One of the challenges in attaining optimal efficiency in some MCMC sampling strategies such as the Metropolis–Hastings version of the Gibbs’ sampling algorithm (Hastings 1970) is the choice of the step size that is taken through parameter space. It is often not possible to know what this optimal step size should be. MVFSA uses a range of step sizes to enable it to focus on sampling only those regions that are relevant to representing uncertainties. Our experience suggests this flexibility also enables the algorithm to be useful and efficient for a broad range of problems. There also exist other adaptive sampling algorithms with correct ergodic properties that have been shown to be flexible and efficient for estimating unimodal posteriors. These algorithms automate and optimize for the ideal step size and result in superior performance over the more traditional, Metropolis–Hastings-type Gibbs’ samplers (e.g., Haario et al. 2006; Villagran et al. 2008).

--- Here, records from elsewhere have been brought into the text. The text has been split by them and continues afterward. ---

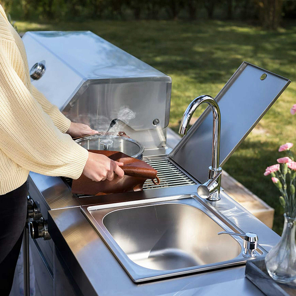 Rostfritt stål 304 SS i exklusiv och tålig design. Modulen är tillverkad i rostfritt stål 304 SS och har en stilren och robust konstruktion som är anpassad för utomhusbruk. De kromade reglagen och den rostfria fettuppsamlingsskålen i fronten bidrar till både hållbarhet och enkel rengöring, samtidigt som de förstärker det exklusiva intrycket i ditt utekök.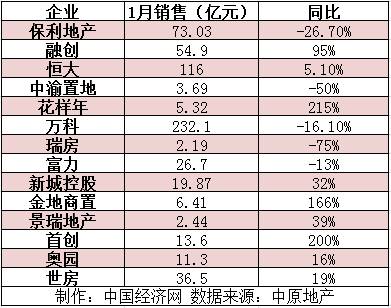 14家上市房企公布1月业绩 万科保利富力同比下降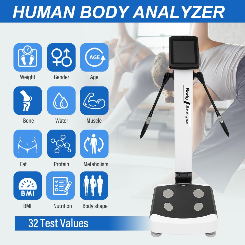 【INTELLIGENT BODY COMPOSITION ANALYZER OUTPUTS THE FOLLOWING DATA】: Body Moisture, Protein, Minerals, Body Fat, Weight, Fat Free Mass, Skeletal Muscle Bmi、 Body Fat Percentage, Waist Hip Fat Ratio, Water Content Ratio, Segmental Muscles (Left/Right Upper/Lower Limbs, Trunk), Segmental Fat (Left/Right Upper/Lower Limbs, Trunk), Visceral Fat Index, Body Shape Assessment, Nutritional Assessment, Weight Assessment, Obesity Assessment, Target Weight, Weight Control, Fat Control, Muscle Control, Basal Metabolism, Health Assessment, Body Age.

MVFSA selects a distribution of model configurations consistent with prior estimates of sources of uncertainty. In our case we consider the uncertainty that comes from representing climate from a relatively short 11-yr time series as well as structural and observational uncertainties contributing to the systematic biases that exist between the model and the selected observational targets. Considered here are six convergence chains of a single model and we examine the configurations with the best skill scores after ∼41 steps within each chain. Because we are only considering relatively few chains, the present analysis is limited to discussing the uncertainty in identifying the optimal parameter settings. However, the results show that the selected ensemble of six optimized model configurations is more broadly representative of estimates of the posterior distribution. The analysis is meant to model the uncertainty in climate model development whose goal is the creation of a single model that best represents observed climate. The uncertainties in observational, modeling, and structural uncertainty that are included or represented within the cost function will impact the algorithms ability to discern what model is best and, with sufficient sampling, provides an objective basis for selecting an ensemble of plausible climate model configurations that represents the full range of model development uncertainty given the uncertainties considered.
a. Experiment design
Each experiment testing the sensitivity of CAM3.1 to combined changes in select parameters follows an experimental design in which the model is forced by observed sea surface temperatures (SST) and sea ice for an 11-yr period (March 1990 through February 2001). The model includes 26 vertical levels and uses an approximately 2.8° latitude by 2.8° longitude (T42) resolution. For the experiments testing the sensitivity to a doubling of atmospheric CO2 concentrations, CAM3.1 is coupled to a slab ocean with prescribed heat flux adjustments, calculated separately for each configuration, such that each model reproduces the observed monthly climatological sea surface temperatures without explicitly accounting for ocean dynamics. Thus the CAM3.1–slab ocean model may only represent the thermodynamic and not the dynamic response of the ocean to changes in CO2 forcing. A control simulation of modern climate is made from a 40-yr-long integration of the CAM3.1–slab ocean model. Doubled CO2 experiments are also integrated for 40 yr. We use the final 20 yr for analysis. This process was repeated for the default and six alternate configurations.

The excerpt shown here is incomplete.